Core Graphics Tutorial: Arcs and Paths

Ray Wenderlich
Drawing Arcs, Oh My!

Drawing Arcs, Oh My!

Update 4/17/2013 Fully updated for Xcode 4.6, and ARC. (original post by Ray Wenderlich, update by Brian Moakley).

This is the third part of a tutorial series covering how to get started with the Core Graphics API – via practical examples!

In the first part of the series, you learned how to draw lines, rectangles, gradients – via making pretty table view cell backgrounds.

In the second part of the series, you learned how to draw shadows and gloss effects – via making a pretty table view cell header.

In this article, you’ll finally finish up your table view by adding the footer, and adding some finishing touches. You’ll also learn about drawing arcs and working more with clipping and paths along the way!

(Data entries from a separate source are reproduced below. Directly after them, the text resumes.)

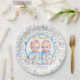 Cute blue watercolor baby shower Twins themed paper plates for twin boys with stuffed animals background. Cute watercolor twin boys dressed in blue with stuffed animal koala bear, bunny rabbit and dogs. Blue and brown gradient.
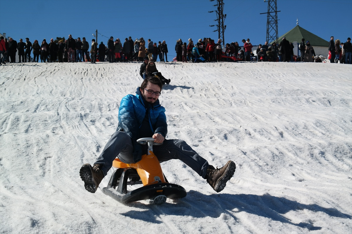 BURSA (AA) - Kış turizm merkezlerinden Uludağ'a gelen günübirlikçiler, kızaklarla kayarak hafta sonu tatilinin keyfini çıkardı.
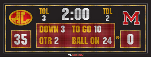 Un marcador matriz a todo color es ideal para instalaciones que entretienen a múltiples deportes. Ellos proporcionan una mayor flexibilidad y control dinámico de las estadísticas de juego, logotipos de los equipos, mensajes patrocinadores, gráficos y animaciones. Disponible en configuraciones de interior o al aire libre.
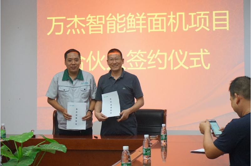 2017年7月18日,萬杰智能鮮面機項目合伙人再添二員新將,義烏市香燕食品有限公司總經理季偉先生、溫州蘇天洪先生先后與萬杰智能簽訂合作協議。此次,義烏、溫州二市的加入,標志智能鮮面機招商工作在南方市場取得初步成績,也為進一步走向全國開了個好頭。截止現在,近半個月內,赤峰、新鄉、鄭州兩個區域、鶴壁、寧波、義烏,溫州相繼簽約,萬杰智能鮮面機全國招商工作屢創佳績,迎來“開門紅”。
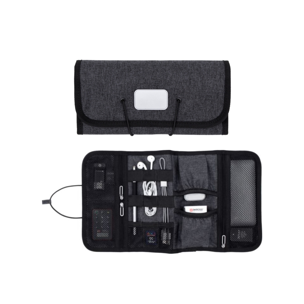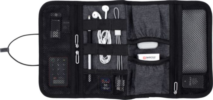 Skládací organizér BrandCharger na kabely a počítačové doplňky. Vyrobeno z prvotřídního polyesteru 600D odpuzujícího vodu a skvrny, jeho kompaktní design umožňuje snadné zastrčení do kabelky, batohu nebo kufru. Praktické uspořádání zahrnuje 6 elastických smyček na kabely a nářadí, 3 síťované kapsy na malé předměty, jako jsou USB nebo SD karty, a 2 otevřené kapsy na nabíječky nebo napájecí adaptéry. Rozměry: 24,5 × 14,5 × 2 cm.
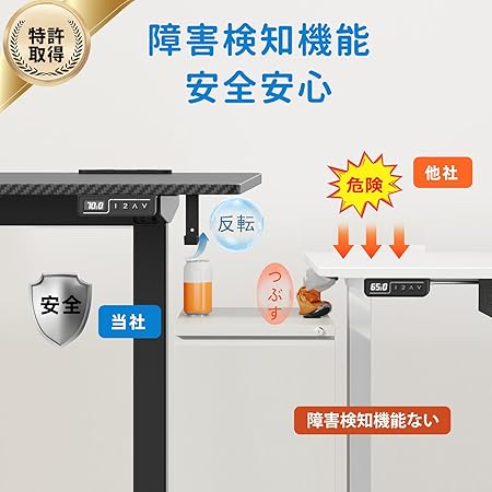 ・【強力なドライブ - スムーズな昇降】効率的な電動システムにより、静かで安定した昇降が可能です。作業中も集中しやすく、そのため全体的な作業効率が向上します。最大負荷時でも音量は48デシベル以下で、安定性を維持します。【使いやすい電動昇降コントロール】ボタンは4つしかなく、複雑ではありません。上下の矢印ボタンを押し続けると、昇降できます。1を押すとデスクが自動的に下降し、2を押すと自動的に上昇します。
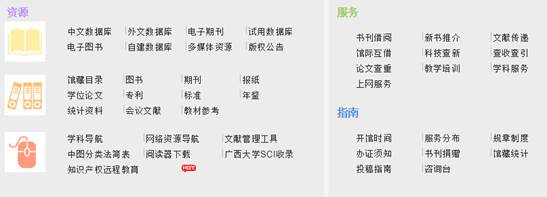 Up to December 2022, the collection of Guangxi University Library totaled 5,245,400 volumes, 3,720,000 e-books, 9,880,000 dissertations, 260,000 hours of audio and video, 56,000 full-text electronic journals, and 206 large-scale databases. It boasts renowned domestic and international academic databases, such as Elsevier, WOS, Scifinder, IEL, Wiley, Springer, EBSCO, EI, Nature, Science, SAGE, CNKI, Wanfang, Super Star, etc. It has formed a multidisciplinary, multilevel, multicarrier and distinctive collection system covering thirteen major academic disciplines such as philosophy, economics, law, literature, science, engineering, agriculture, management, teaching, arts and medicine, etc., which effectively supports the university's discipline construction and talent cultivation.
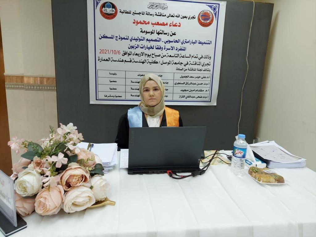 نوقشت رسالة الماجستير في كلية الهندسة قسم هندسة العمارة بجامعة الموصل بعنوان “التنميط البارامتري الحاسوبي – التصميم التوليدي لنموذج المسكن المنفرد الاسرة وفقا لخيارات الزبون” للطالبة دعاء مصعب محمود في تمام الساعة التاسعة من يوم الاربعاء الموافق 6/10/2021.
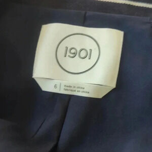 1901 Women's Striped Cotton Linen Blend Blazer Coat Two faux pockets in front. One internal pocket. Dark navy blue with white stripes.
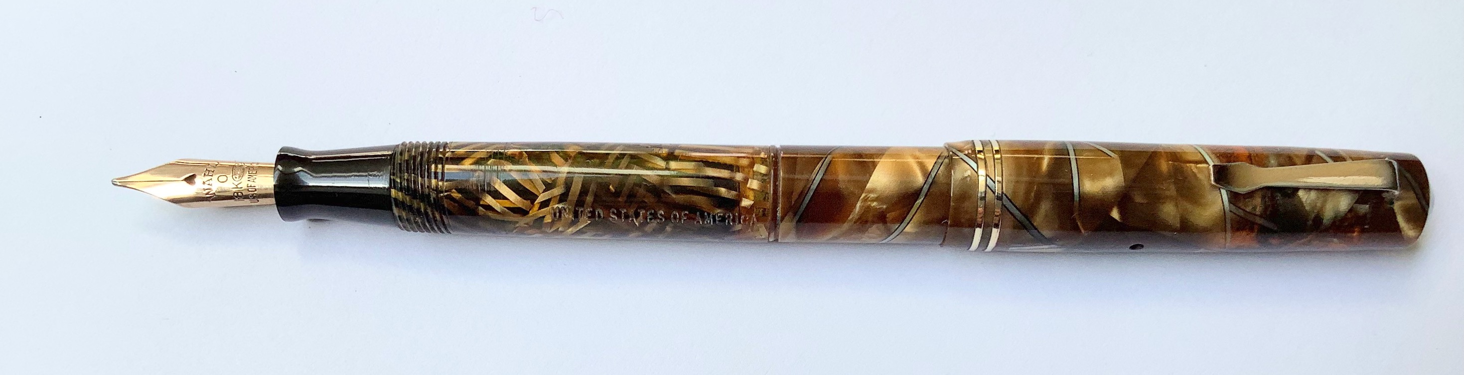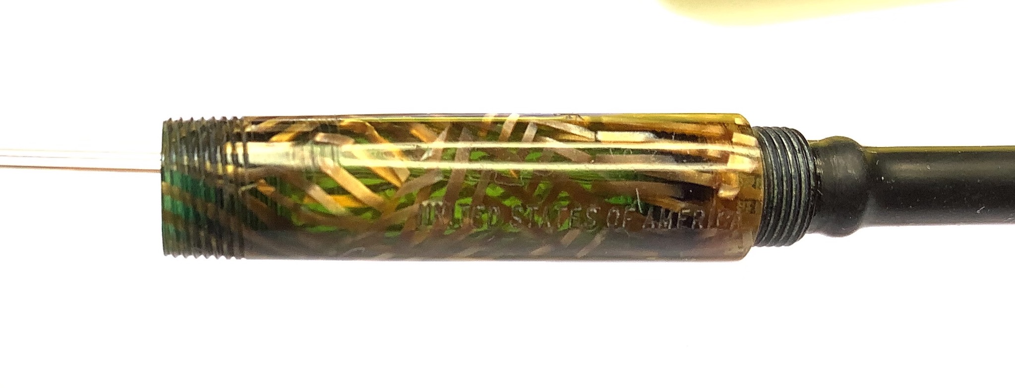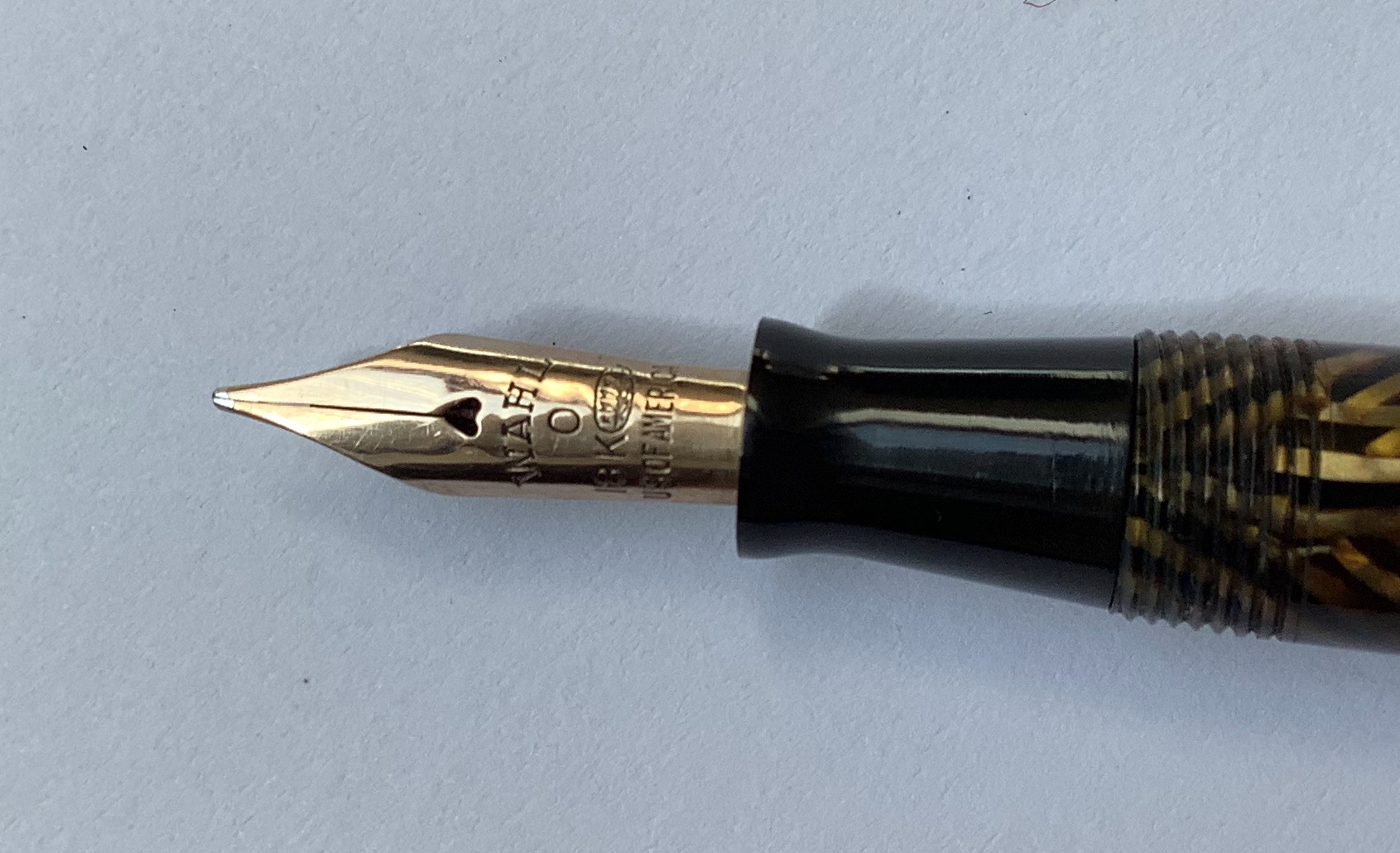 Inserisco questo foto ravvicinata del marchio sul pennino e questa interessante discussione su una penna identica a questa e con il medesimo tipo di pennino https://www.fountainpennetwork.com/foru ... or-export/
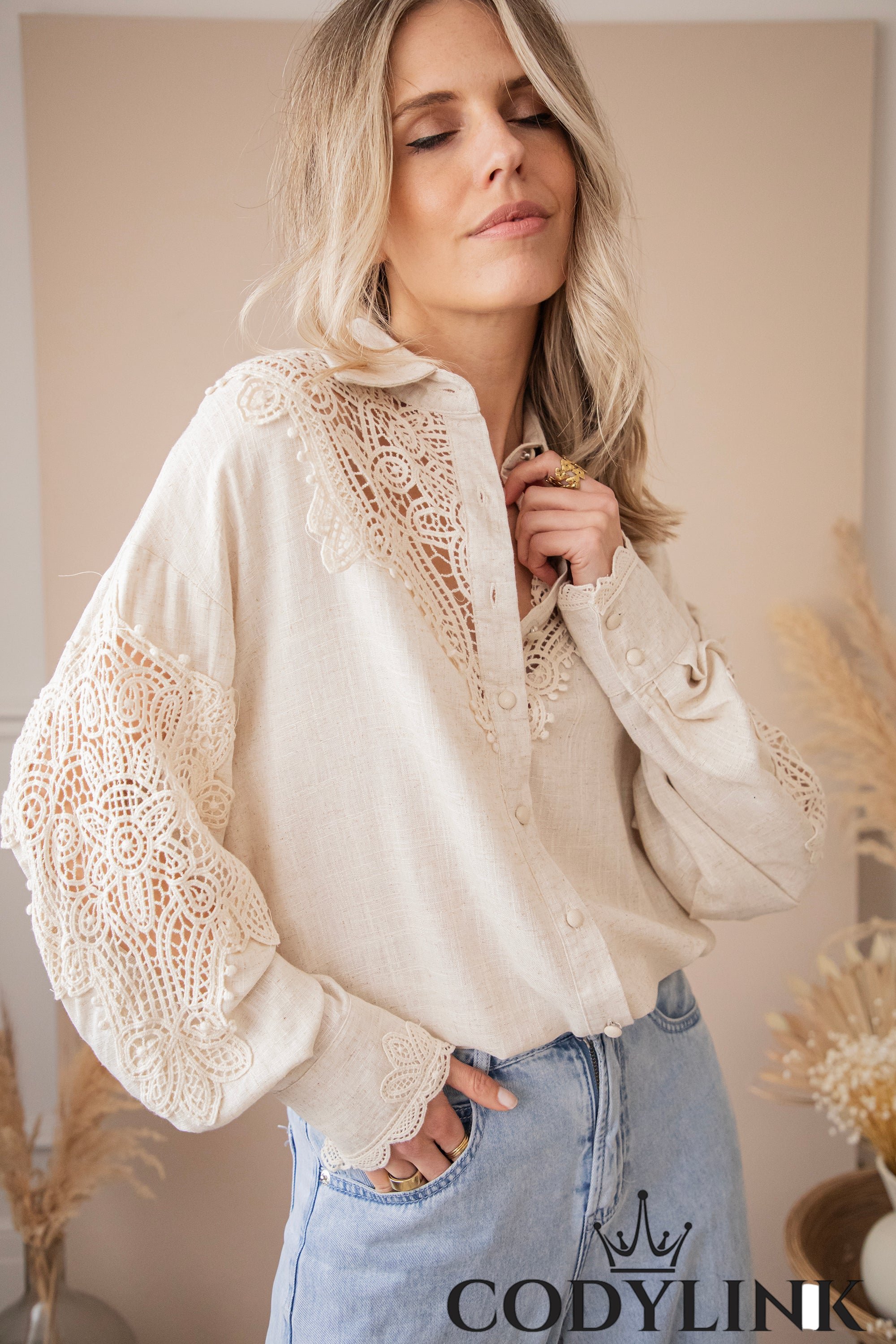 We kunnen niet genoeg krijgen van de kanten blouses! Dus ben heel enthousiast om onze 'Lacy Grace' terug in de collectie te hebben 🥹 Samen met je jeansbroek creëren ze een effortless elegant look 🎀 Hier zijn de mouwen en de hals gezegend met een prachtig staaltje kantwerk! De stof bestaat uit 30% linnen, een must voor een fris gevoel all day long!
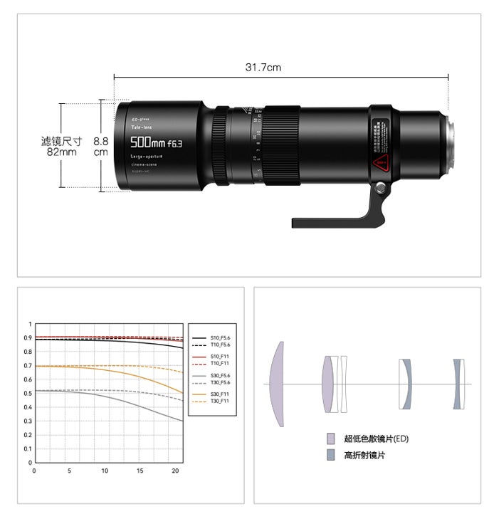 驚異的な望遠距離:500mmの焦点距離で、このレンズは遠くの被写体を撮影したり、野生動物やスポーツの動きを間近で撮影したりするのに最適です。このレンズはフルフレームセンサーをカバーしており、美しい風景や都市景観を簡単に撮影することができます。
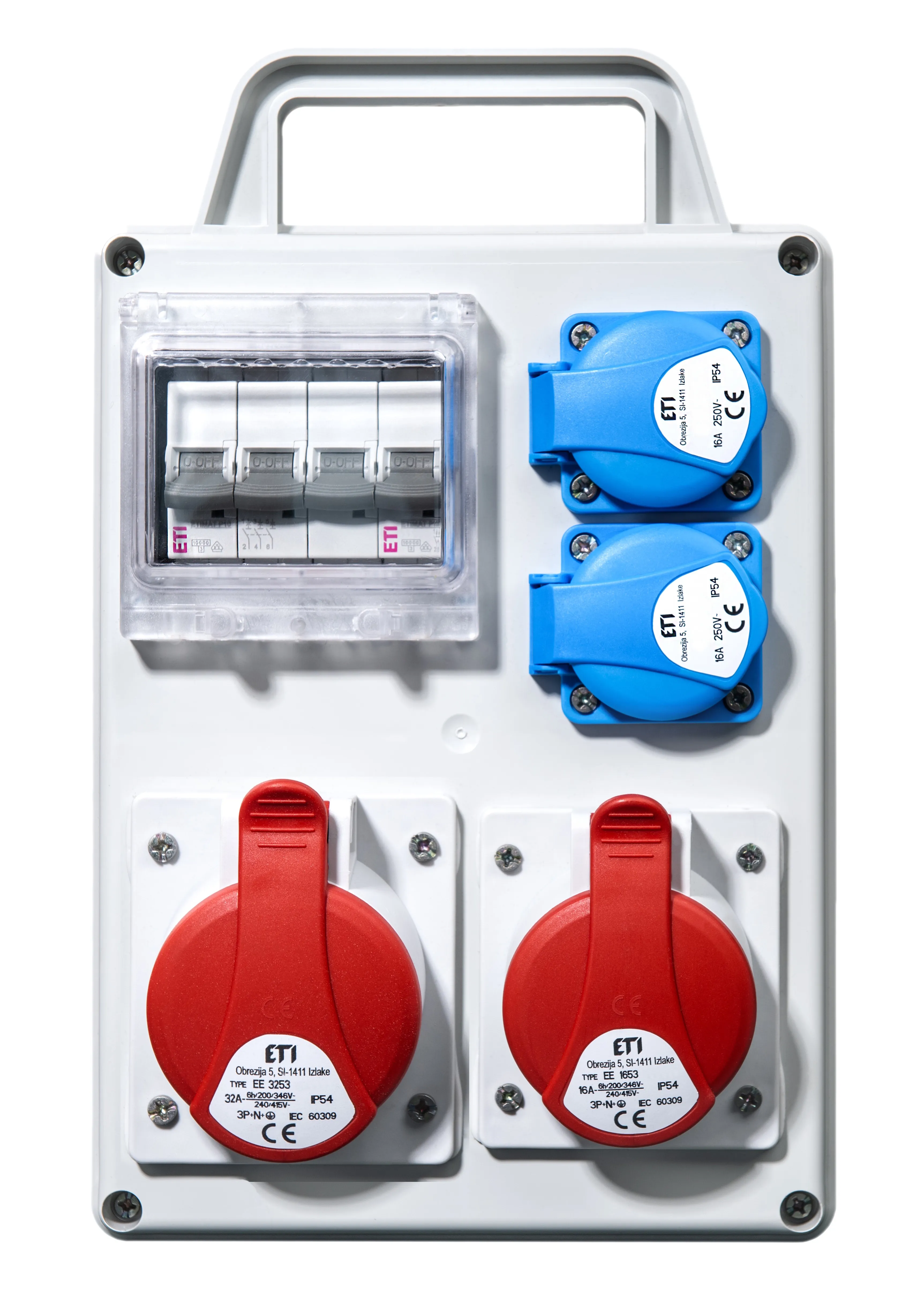 - 1x16A(5P),1x32A(5P), 2xSCHUKO

If you don’t have it already, grab a copy of the sample project where you left off in the last Core Graphics tutorial.

Getting Started

The first thing you’re going to do is replace the footer with a simple 15-point-tall view that just colors the entire view red – just like you did in previous Core Graphics tutorials – to make sure everything is working OK.

At this point, you should be well familiar with how to do this… so why not give it a shot on your own? You can always check back here if you get stuck.




Tomato-San is angry!

Tomato-San is angry!

What?! Are you still reading here?! You can do it – go ahead and try! :]

The Solution

In case you had any troubles, here’s the solution.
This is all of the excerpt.